Mariah Rivera didn’t get her chance to shine under the bright lights of the stage on Wednesday evening.
The Ripon High School student, who was cast to play the role of Martha Brewster in Joseph Kesserling’s “Arsenic and Old Lace” on the Ripon High Drama Club’s opening night, fell ill with appendicitis during the day on Wednesday and was scratched from playbill at the last minute.
There was no understudy.
So Ripon High Performing Arts Teacher Adam Serpa did something unique in order to find somebody to step in and fill the role – he tapped a thespian from Ripon Christian High School who had performed the same role months ago when they presented the same classic play.
Everything went off without a hitch.
While Elizabeth Herbert, a Ripon Christian sophomore, used a script during some of the performance as an aide to help her remember the intricate dialogue of the dark and farcical comedy, she also breezed through the majority of the lines with almost no time to prepare.
And she wasn’t the only one to shine on stage.
The star of the show was Ripon High’s Emilio Villalobos who took the role of Mortimer Brewster – a nephew in the dysfunctional yet wealthy Brewster family who spends his evenings in Manhattan as a play critic but becomes concerned when he discovers that his two aunts, one of whom was Herbert, have been killing guests that they welcome into rent rooms in their large Brooklyn home.
Everything gets more complicated thanks to Mortimer’s younger brother Teddy – played by Kevin Valdez – who thinks that he’s actually President Theodore Roosevelt and carries out the dirty work of his aunts in burying the bodies of those they kill out of “mercy” by digging new “locks” down in Panama, which is really the family’s cellar.
There was a meta act to all of this. I was asked to go down and write a review about the play by my boss, and while I thoroughly enjoyed it, New York journalist Mortimer absolutely hated attending plays and had no shame in proclaiming his distaste with anybody that would listen. And late in the performance, when Mortimer’s other brother Jonathan – who disappeared 20 years prior and went on to have a run as a global murderer before returning home – finally ties him up and is prepared to kill him in order to beat his aunts in their body total.
Just before that happens, Mortimer – while everything is playing out behind him – delivers a very self-aware speech about how he just saw this in the God-awful play he had to sit through, basically narrating everything that was about to happen to him.
The subject matter was dark and somewhat broody but Villalobo’s amazing performance and stage presence set the tone for the entire production. He was funny, serious, and likeable and most of all seemed completely at ease in the first public run through of a show that will likely be more polished on Friday and Saturday at 7 p.m. when the final two public performances are held. Tickets are $5 at the door of the Ripon High multipurpose rooms.

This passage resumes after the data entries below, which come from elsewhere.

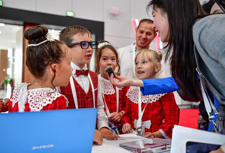 18 августа, Казань, Россия. На полях 3-го международного форума "Ростки: Россия и Китай -- взаимовыгодное сотрудничество" мальчик из России общается с китайскими гостями с помощью умных очков с искусственным интеллектом. /Фото: Синьхуа/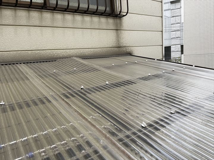 調査の様子です。お問い合わせのきっかけになりましたベランダ屋根の様子です。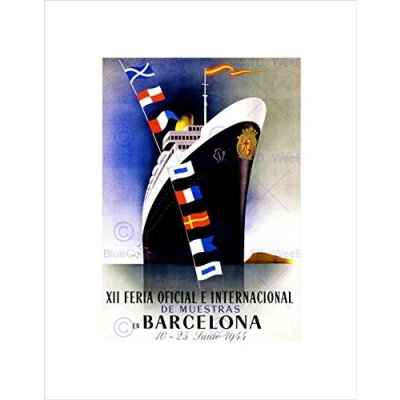 Wee Blue Coo Trade Fair Shipping Liner Barcelona Spain Vintage Advert Wall Art Print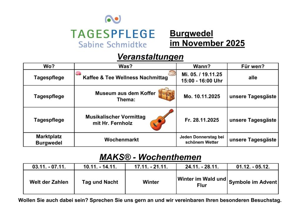 Auch in diesem Monat haben wir wieder viele schöne Aktionen vorbereitet. Vom herbstlichen Basteln über Musikrunden bis hin zu gemütlichen Spielenachmittagen. Auch die liebe Frau Brandes mit ihrem Museum aus dem Koffer besucht uns wieder. In unseren Tagespflegen wird es also garantiert nicht langweilig 💚🧡!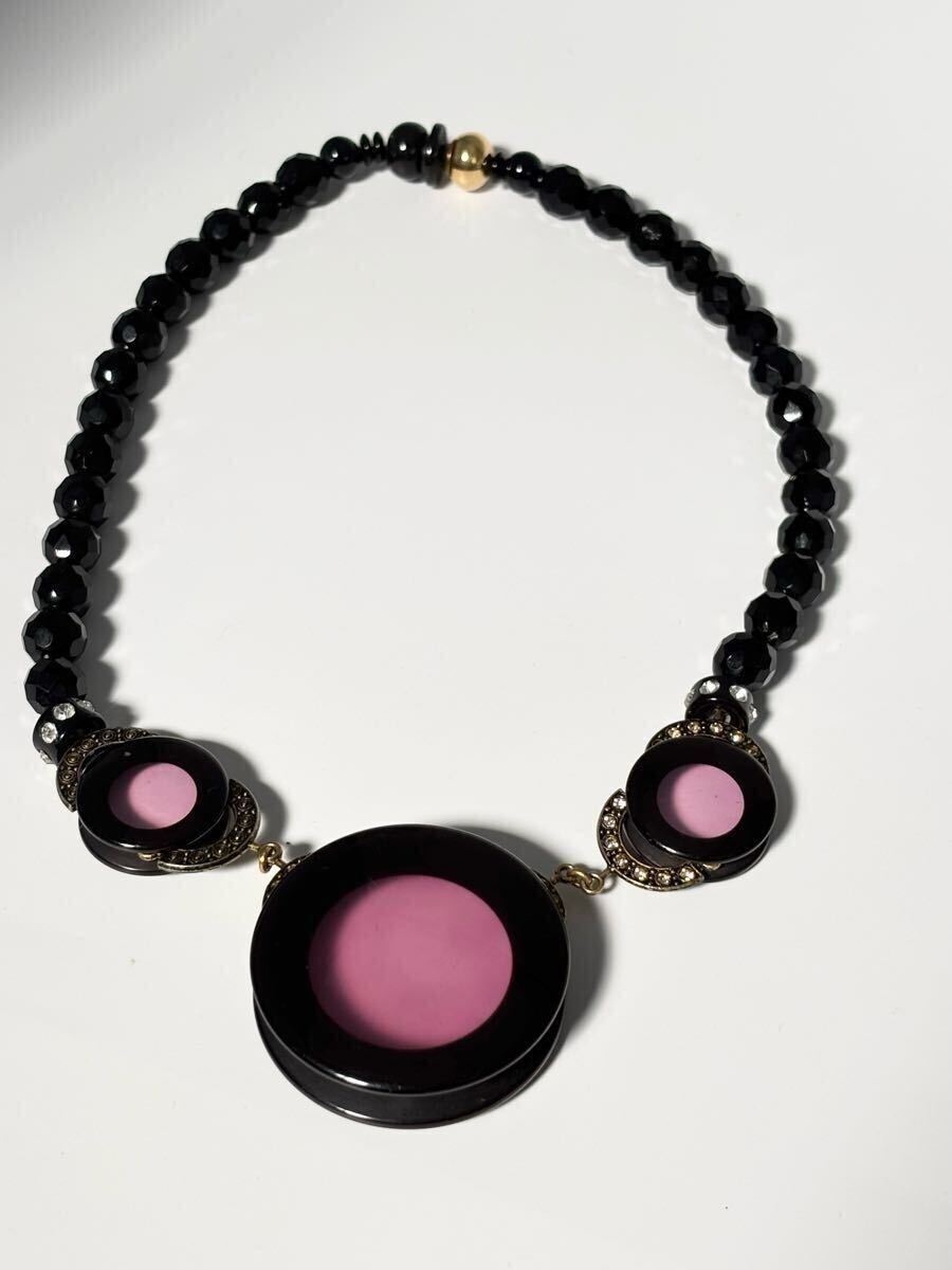 > 【USED】ヴィンテージ チャンキー ネックレス パープル×ブラック レトロモダン 昭和 サイケデリック コスチュームジュエリー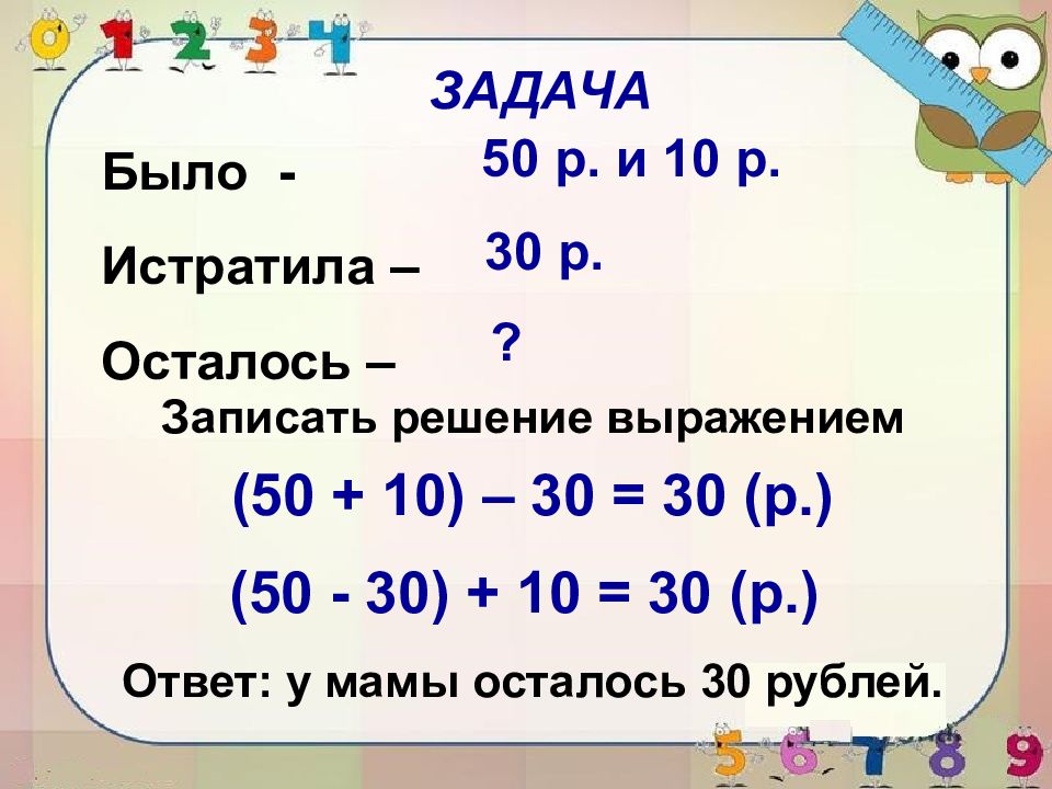 10 + a, если a = 20, 17, 4 10 + 20 = 30 10 + 4 = 14 РАБОТА В ПАРАХ 35 - c, если c = 20, 25, 5 35 - 20 = 15 35 – 25 = 10 10 + 17 = 27 35 – 5 = 30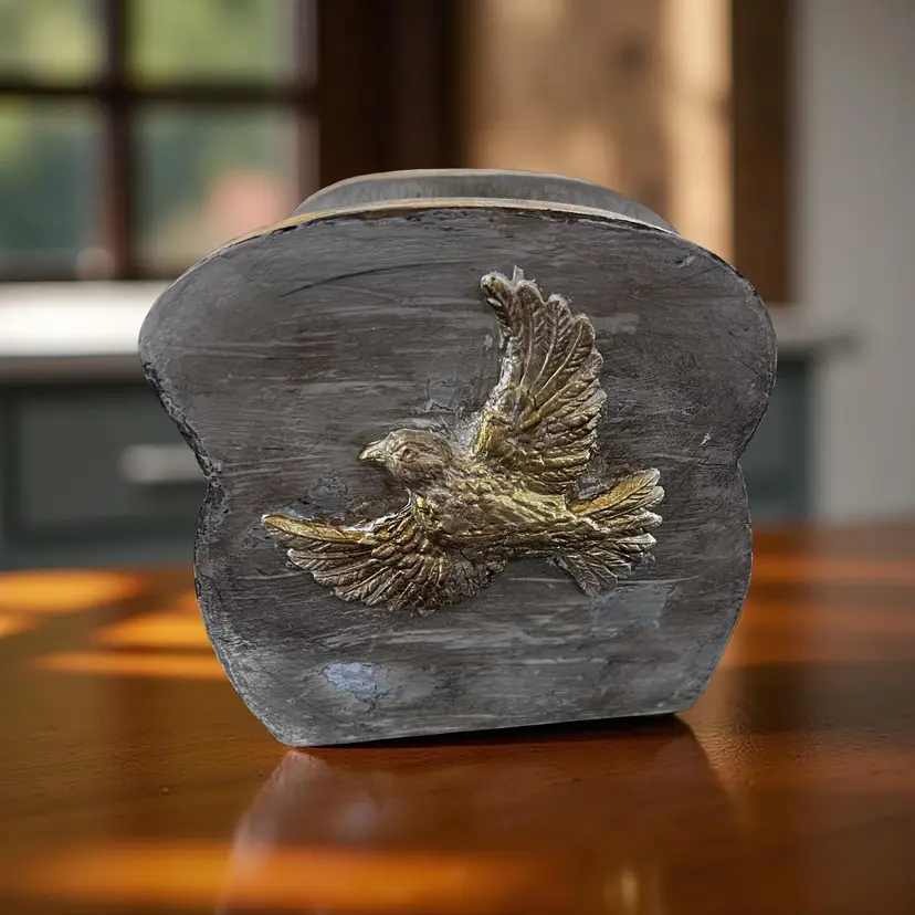 Hand painted by me I added the birds on both sides Approx 5” tall Chippy distressed
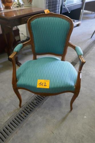 Antieken stoel met armleuningen en stoffen bekleding ( nog in perfecte staat )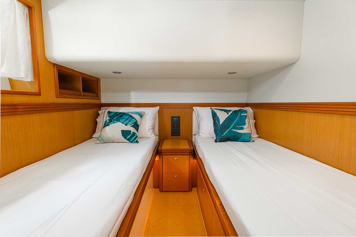 The Maestro 51ft is ideal for outdoor enthusiasts as well as those seeking privacy and tranquility on the ocean. Its elegant design and thoughtfully planned architecture provide a seamless sailing experience. With large open decks and a spacious salon, you can take in panoramic views of the water and the breathtaking surrounding scenery. Originally launched in 2008, the yacht underwent a complete refit in 2023, making it feel like a brand-new vessel.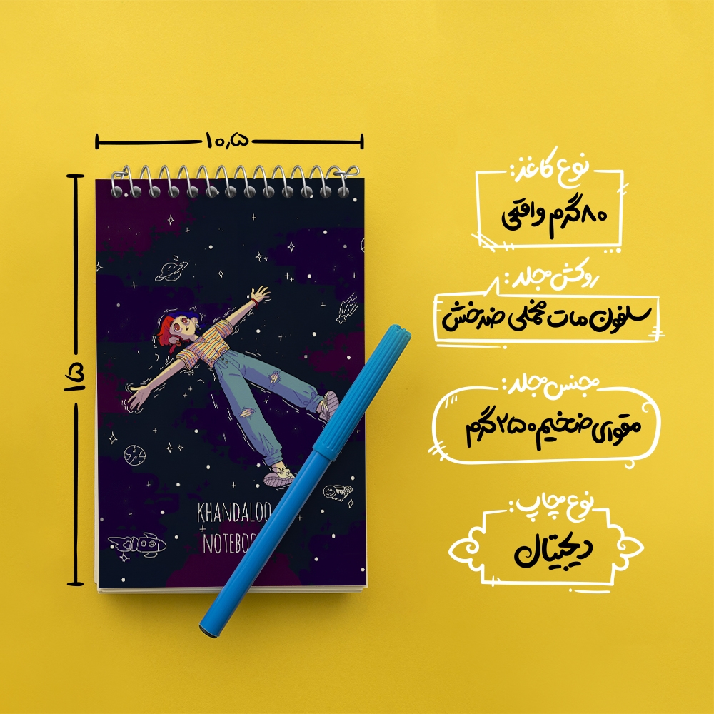 برند خندالو در زمینه تولید انواع دفاتر فانتزی و تحصیلی فعالیت میکند که به دلیل جذابیت ظاهری و طرح های متنوع طرفداران زیادی دارد. دفتر یادداشت خندالو طرح دخترانه فضایی محصولی مناسب برای همه عاشقان لوازم التحریر است و همچنین همه کسانی که بنا به موقعیت تحصیل یا شغلشان با دفتر و نوشت افزار زیاد سر و کار دارند. در تولید دفتر یادداشت خندالو طرح دخترانه فضایی از نوع صحافی فنر مارپیچ استفاده شده که در این نوع صحافی برگهها به راحتی چرخیده و یا بیرون آورده می شوند. دفتر های خندالو دارای جلد انعطاف پذیر از جنس مقوای گلاسه 250 گرم با روکش سلفون مات مخملی است که به شما امکان میدهد از دفتر خود بدون اینکه نگرانی از شکستن یا خراب شدن جلد را داشته باشید استفاده کنید و همچنین در این دفاتر از کاغذ 80 گرم با کیفیت استفاده شده که باعث میشود هنگام نوشتن به خوبی جوهر قلم بر روی صفحه نشسته و از خط خوردگیها جلوگیری کند. دفتر یادداشت خندالو با جنس و دوام مناسب، برگه های کاملاً سفید و خطوط طوسی دقیق را داراست که انسان را به نوشتن منظم و زیبا ترغیب میکند. طراحی کاملاً مناسب این دفاتر، به همراه کیفیت بالا، از آن یک محصول مورد علاقه و قابل اعتماد برای همه مقاطع تحصیلی میسازد. دفتر یادداشت خندالو طرح دخترانه فضایی انتخابی هوشمندانه و مناسب برای افرادی است که به دنبال دفتری با کیفیت و کاربرد عالی هستند. این دفتر، همراه خوبی برای شما در تمام مراحل تحصیل و کار خواهد بود و تجربهای لذتبخش از نوشتن و آموختن را به شما هدیه میدهد.

He wasn’t the only one that was a pleasure to watch on stage.
While the two aunts – Herbert as Martha Brewster and Sabrina Schmier as Abby Brewster – were dynamic with their twisted logic and deadpan delivery, it was Valdez as Teddy that really added the transitions between most of the scenes and was magnetic whenever he had to step up and play the younger brother that was unknowingly getting shipped off to a sanitarium.
Here’s the kicker though – Valdez is autistic. A chat with his father during one of the intermissions gave me the insight about the boy who was diagnosed at 18 months and had a shadow aide through his entire elementary school education. He went solo when he arrived at Ripon High School two years ago, and now, thanks to the drama department and his turns in several plays at Cornerstone Church in Manteca, he’s flourishing.
Only Villalobos got as much applause from the audience when they took their final bow.
The great thing about watching young people immerse themselves in the theater world is watching as they lose themselves in the characters that they play. Some can do it effortlessly, while others really have to work for it.
But when it came to “Arsenic and Old Lace” on Wednesday, everybody appeared to be in that zone and while the undertones were macabre and the production ran a bit long – coming in at over two-and-a-half hours – it was delightful and fun in every way and if you’re not doing anything this weekend is completely worth your time.
Just make sure you bring somebody else. Those two ladies target the unattached, and you don’t want to end up taking a trip to Panama.